»»

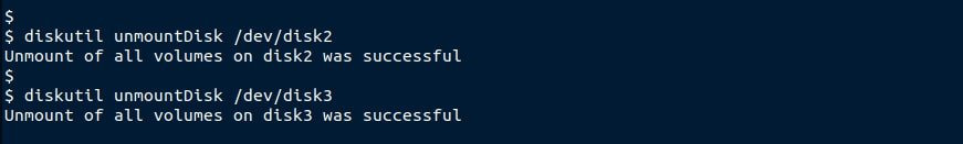 계속하기 전에 소스 및 대상 SD 카드 모두에서 파티션을 마운트 해제하세요. 디스크의 장치 이름 뒤에 diskutil unmount Disk 명령을 사용하여 이 작업을 수행할 수 있습니다. 예를 들어
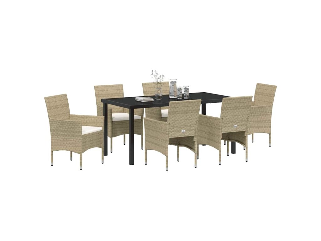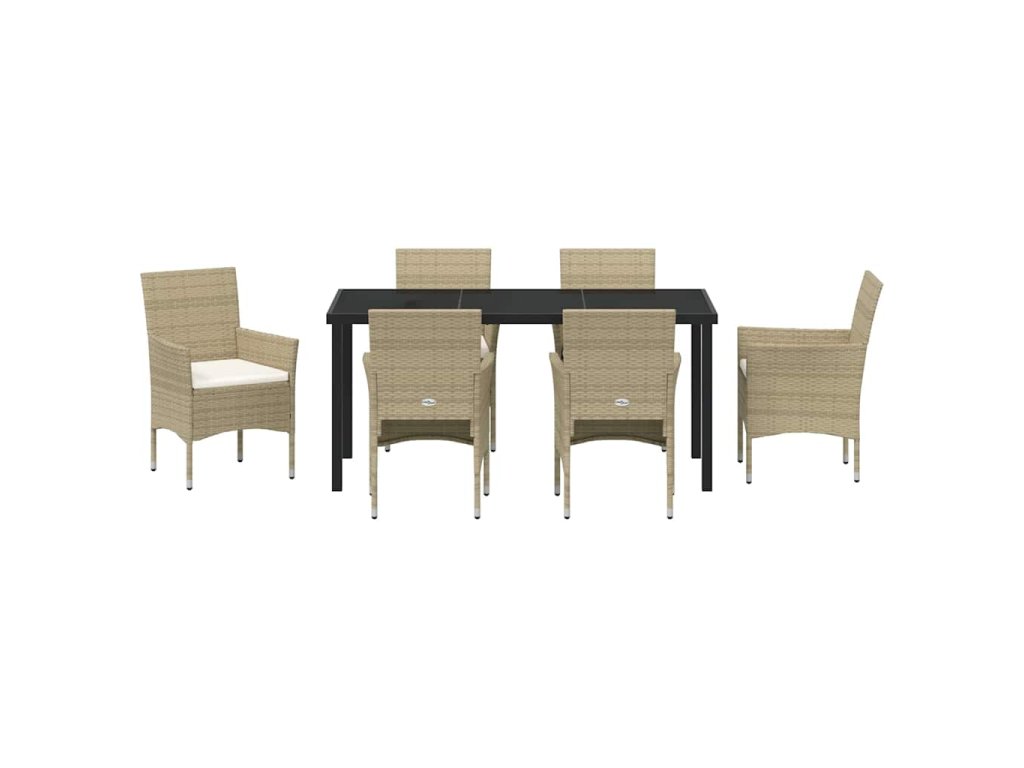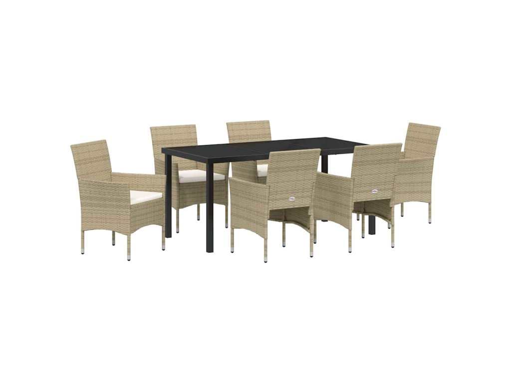 Zahradní jídelní souprava s polštářem 7 pcs Béžová Poly ratan 3379741
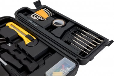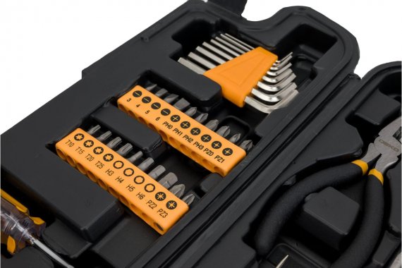 Набор инструментов для дома DEKO DKMT142 в чемодане 065-0308 включает в состав оборудование, выполненное из высокопрочной стали, которая прошла дополнительную закалку и специальную обработку. Это защищает инструмент от коррозии, а также делает его более устойчив к любым физическим деформациям.
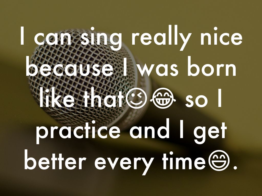 I can sing really nice because I was born like that😉😂 so I practice and I get better every time😄.
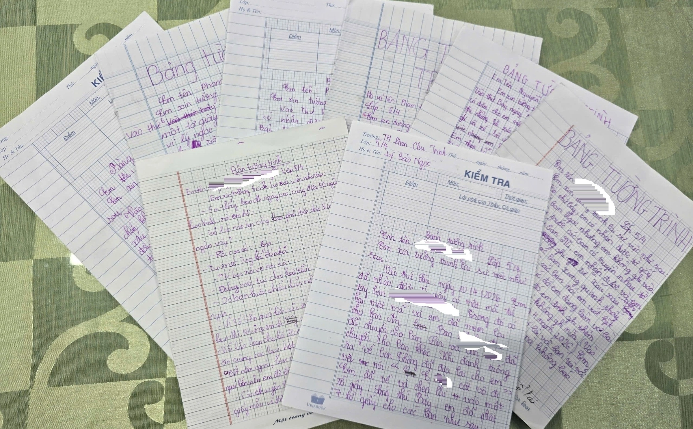 The written statements of the students involved in the incident. *Photo: Hoang Nguyen* |
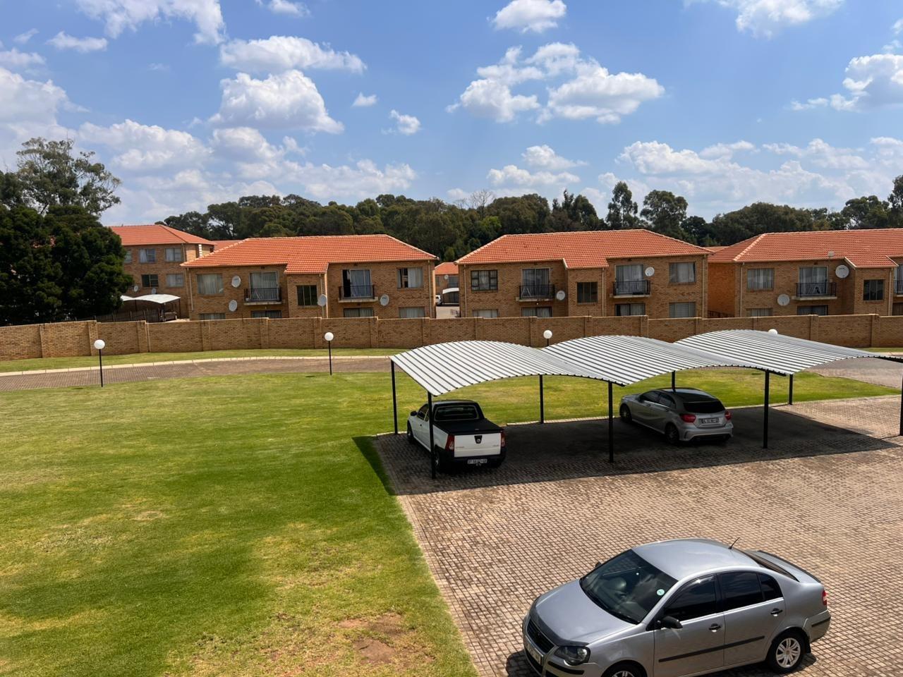 The complex features durable brick construction with terracotta roofs, complemented by a well-kept communal lawn and extensive paved areas, including ample covered carports. Street lighting enhances safety and convenience, contributing to the overall kerb appeal of this Randfontein property.
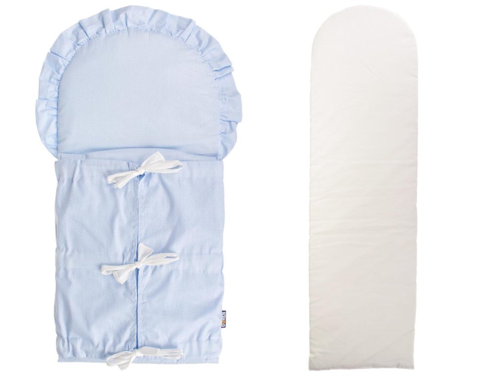 Sada potah klasické zavinovačky s trojitým vázáním ve světle modré barvě s motivem puntíků a výplň do zavinovačky. Povlak zavinovačky je ze 100% bavlny a lze ho prát v pračce na 40° C, velikost povlaku a tedy i zavinovačky je cca 115 x 33 cm. Složení materiálu vložky (výplně) zavinovačky: povrch 100% bavlna, výplň 100% polyester. Výplň lze prát v pračce na 30° C, má rozměr cca 110 x 33 cm. Zavinovačka je vhodná jako výbava do porodnice, protože novorozená miminka jsou zvyklá na těsný prostor maminčina bříška a po zavinutí se cítí bezpečně a rychle se zklidní.
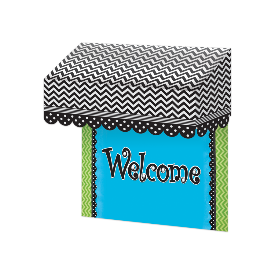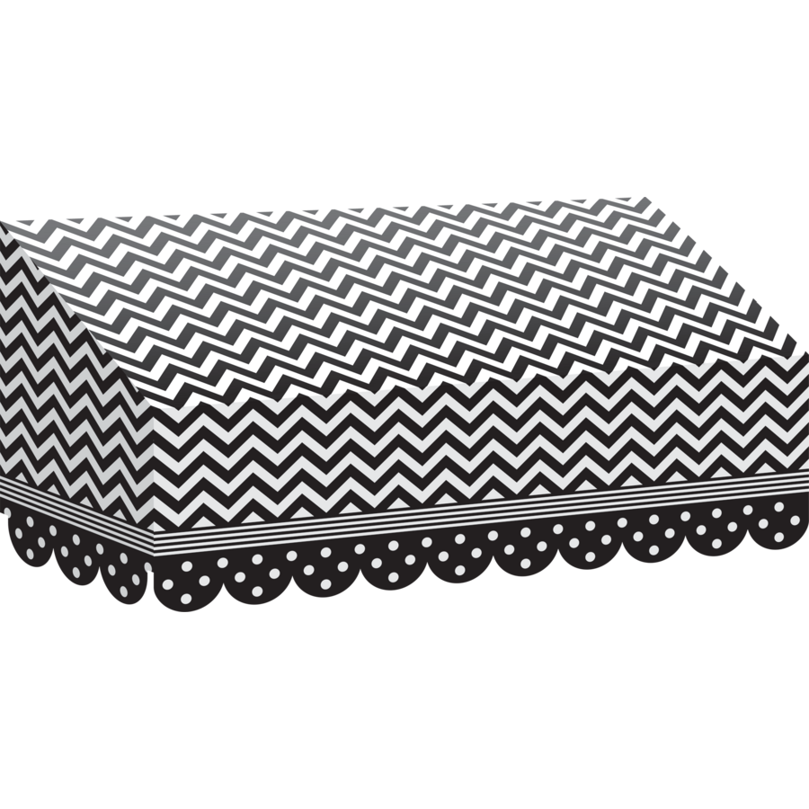 Give your classroom a glamorous makeover with this fancy Black & White Chevron and Dots awning. Mix and match your favorite patterns and colors to create the perfect themed classroom. Hang this sturdy awning over your bulletin boards and entryways, organize work areas, or make fun learning corners. Approx. 24” W x 12-1/2” H x 8 D.
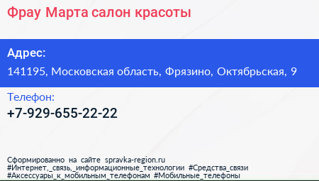 Фрау Марта, салон красоты по адресу 141195, Московская область, Фрязино, Октябрьская, 9 в дальнейшем Организация, размещена в следующих категориях:

««

Your answer must be the lines from the one containing "Zahradní jídelní souprava" through the final line of the entries, duplicated exactly, with both ends kept and all pictures left out.

 Zahradní jídelní souprava s polštářem 7 pcs Béžová Poly ratan 3379741
 Набор инструментов для дома DEKO DKMT142 в чемодане 065-0308 включает в состав оборудование, выполненное из высокопрочной стали, которая прошла дополнительную закалку и специальную обработку. Это защищает инструмент от коррозии, а также делает его более устойчив к любым физическим деформациям.
 I can sing really nice because I was born like that😉😂 so I practice and I get better every time😄.
 The written statements of the students involved in the incident. *Photo: Hoang Nguyen* |
 The complex features durable brick construction with terracotta roofs, complemented by a well-kept communal lawn and extensive paved areas, including ample covered carports. Street lighting enhances safety and convenience, contributing to the overall kerb appeal of this Randfontein property.
 Sada potah klasické zavinovačky s trojitým vázáním ve světle modré barvě s motivem puntíků a výplň do zavinovačky. Povlak zavinovačky je ze 100% bavlny a lze ho prát v pračce na 40° C, velikost povlaku a tedy i zavinovačky je cca 115 x 33 cm. Složení materiálu vložky (výplně) zavinovačky: povrch 100% bavlna, výplň 100% polyester. Výplň lze prát v pračce na 30° C, má rozměr cca 110 x 33 cm. Zavinovačka je vhodná jako výbava do porodnice, protože novorozená miminka jsou zvyklá na těsný prostor maminčina bříška a po zavinutí se cítí bezpečně a rychle se zklidní.
 Give your classroom a glamorous makeover with this fancy Black & White Chevron and Dots awning. Mix and match your favorite patterns and colors to create the perfect themed classroom. Hang this sturdy awning over your bulletin boards and entryways, organize work areas, or make fun learning corners. Approx. 24” W x 12-1/2” H x 8 D.
 Фрау Марта, салон красоты по адресу 141195, Московская область, Фрязино, Октябрьская, 9 в дальнейшем Организация, размещена в следующих категориях:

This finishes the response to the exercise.